:: AVAILABLE DATA ::
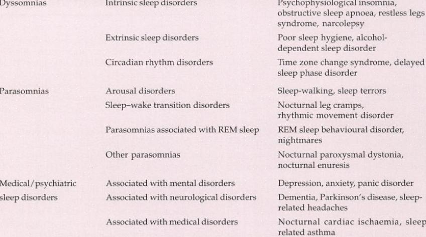רופאים מגדירים הפרעות שינה עיקריות כאלו שאינן קשורות למצב רפואי מסוים. הפרעות אלו מאופיינות בבעיות עם:
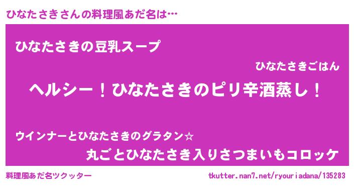 | ポケモン風あだ名 | 『ヒナセウス』『ヒヒナタサキ』 |
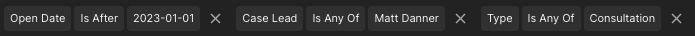 "Show me all cases WHERE the open date is after January 1, 2023 AND the case lead is Matt Danner AND the case type is Consultation."
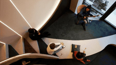 一层到二层中间,我做了一个弧形的地台连结,这个地台不仅通向户外,也是一个多功能区。朋友来了可以在这里可以自拍,甚至可以玩玩乐器,做一场小型的音乐会。
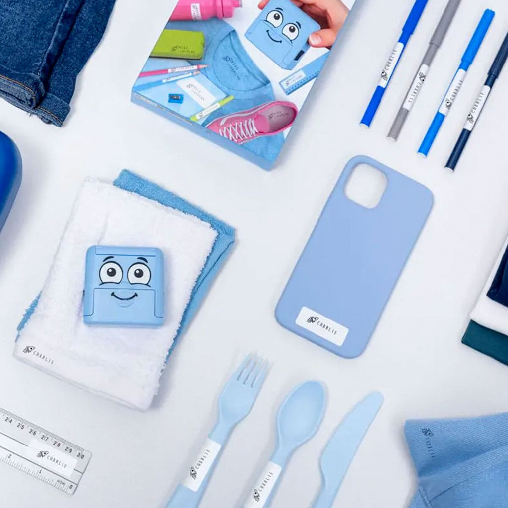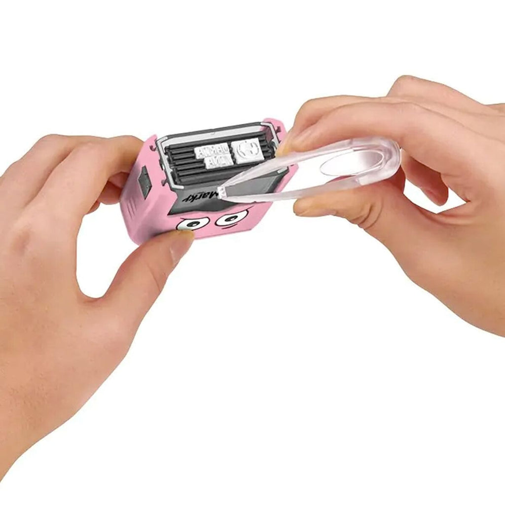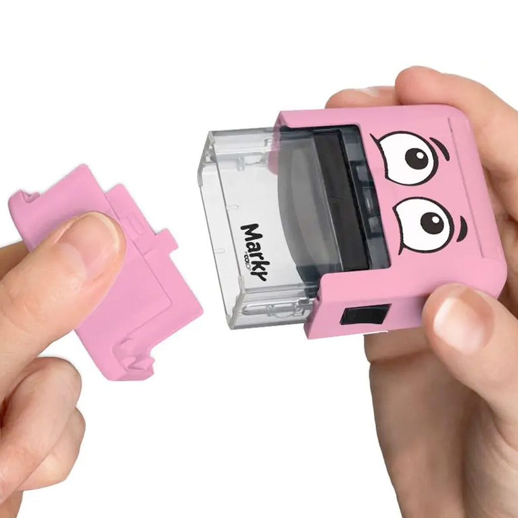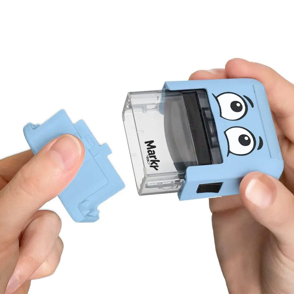 Marky, in Österreich produziert, gibt es in drei trendigen Farben: rosa, hellblau und grün. Das Set in einer attraktiven Kartonverpackung enthält den Stempel mit freundlichem Gesicht, einen Typensatz (mit allen Buchstaben des Alphabets und lässigen Piktos), eine Pinzette sowie ein Aufbügelband für dunkle Stoffe und spülmaschinenfeste Etiketten. Die beim Stempel enthaltene Abdeckung sorgt dafür, dass man ihn auch überall hin mitnehmen kann, ohne Gefahr zu laufen etwas zu verschmutzen.
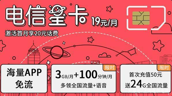 电信19元星卡,依然是200G的流量,200G=各类通用流量+定向流量,用到200G就自动断网。现在办理星卡,每月赠送3GB国内通用流量和100分钟国内语音,连续赠送12个月;激活首月赠送20元话费;在指定的充值页面,首次充值50元送24G通用流量(每月2GB,连续送12个月)。
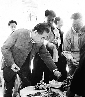 | 1960年周恩来考察海南热带植物园时,品尝木薯糕点。(资料图片) |
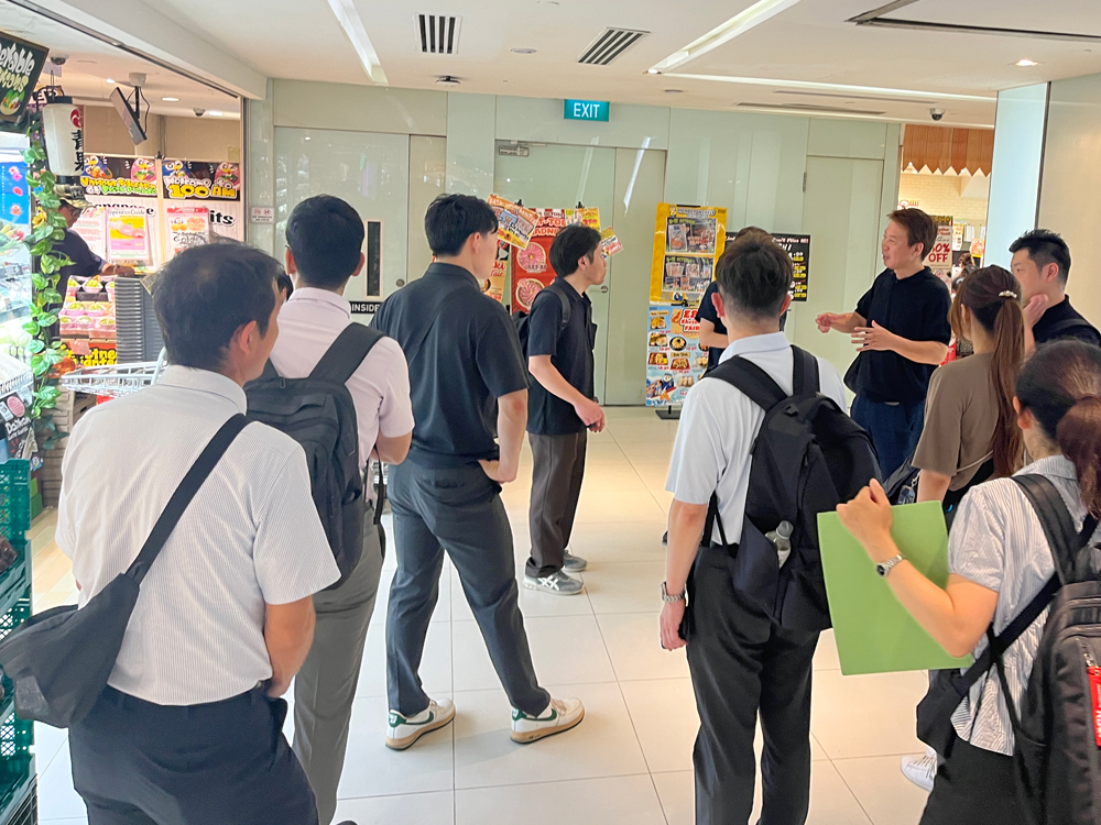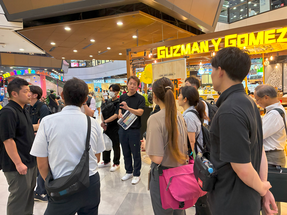 Food Japanの会期前日、5社の皆さんとともにシンガポールの市場視察を実施いたしました。シンガポールの『庶民の台所』であり、多国籍な屋台料理が手頃に楽しめるホーカーセンターをはじめ、ターゲット層が異なる3つの主要モール(高級志向・アッパーミドル・ファミリー層)を訪問。 ホーカーでの試食を通じた味覚嗜好の把握や、各モールの出店傾向分析を行い、シンガポールの多層的な食品市場と食文化について理解を深めました。
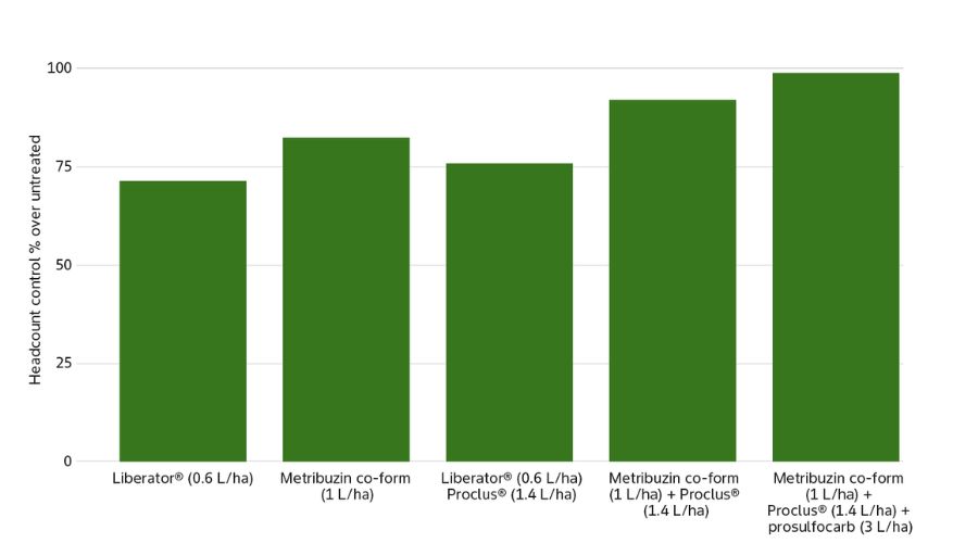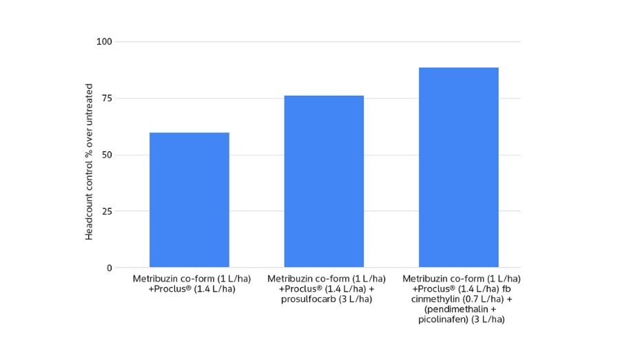 Metribuzin co-forms like Alternator® Met, Octavian® Met and Cadou® Met contain three different MoAs with root and shoot activity. Including Proclus® adds a fourth MoA to improve control and increase longevity in the programme.
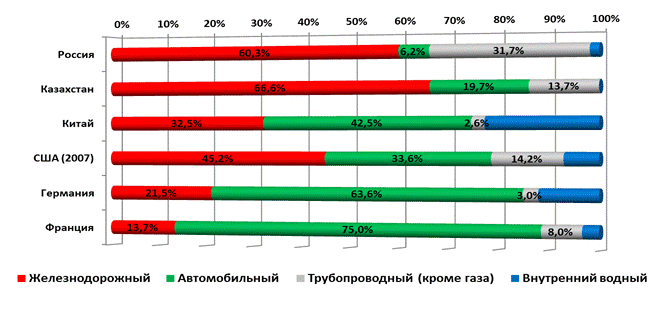 Доли видов транспорта в объемах грузооборота различных стран в 2008 г. (за вычетом воздушного и морского транспорта; Росстат.

:: BRIEF ::
Reproduce the entries above without change, omitting all pictures.

:: EXERCISE RESULT ::
רופאים מגדירים הפרעות שינה עיקריות כאלו שאינן קשורות למצב רפואי מסוים. הפרעות אלו מאופיינות בבעיות עם:
 | ポケモン風あだ名 | 『ヒナセウス』『ヒヒナタサキ』 |
 "Show me all cases WHERE the open date is after January 1, 2023 AND the case lead is Matt Danner AND the case type is Consultation."
 一层到二层中间,我做了一个弧形的地台连结,这个地台不仅通向户外,也是一个多功能区。朋友来了可以在这里可以自拍,甚至可以玩玩乐器,做一场小型的音乐会。
 Marky, in Österreich produziert, gibt es in drei trendigen Farben: rosa, hellblau und grün. Das Set in einer attraktiven Kartonverpackung enthält den Stempel mit freundlichem Gesicht, einen Typensatz (mit allen Buchstaben des Alphabets und lässigen Piktos), eine Pinzette sowie ein Aufbügelband für dunkle Stoffe und spülmaschinenfeste Etiketten. Die beim Stempel enthaltene Abdeckung sorgt dafür, dass man ihn auch überall hin mitnehmen kann, ohne Gefahr zu laufen etwas zu verschmutzen.
 电信19元星卡,依然是200G的流量,200G=各类通用流量+定向流量,用到200G就自动断网。现在办理星卡,每月赠送3GB国内通用流量和100分钟国内语音,连续赠送12个月;激活首月赠送20元话费;在指定的充值页面,首次充值50元送24G通用流量(每月2GB,连续送12个月)。
 | 1960年周恩来考察海南热带植物园时,品尝木薯糕点。(资料图片) |
 Food Japanの会期前日、5社の皆さんとともにシンガポールの市場視察を実施いたしました。シンガポールの『庶民の台所』であり、多国籍な屋台料理が手頃に楽しめるホーカーセンターをはじめ、ターゲット層が異なる3つの主要モール(高級志向・アッパーミドル・ファミリー層)を訪問。 ホーカーでの試食を通じた味覚嗜好の把握や、各モールの出店傾向分析を行い、シンガポールの多層的な食品市場と食文化について理解を深めました。
 Metribuzin co-forms like Alternator® Met, Octavian® Met and Cadou® Met contain three different MoAs with root and shoot activity. Including Proclus® adds a fourth MoA to improve control and increase longevity in the programme.
 Доли видов транспорта в объемах грузооборота различных стран в 2008 г. (за вычетом воздушного и морского транспорта; Росстат.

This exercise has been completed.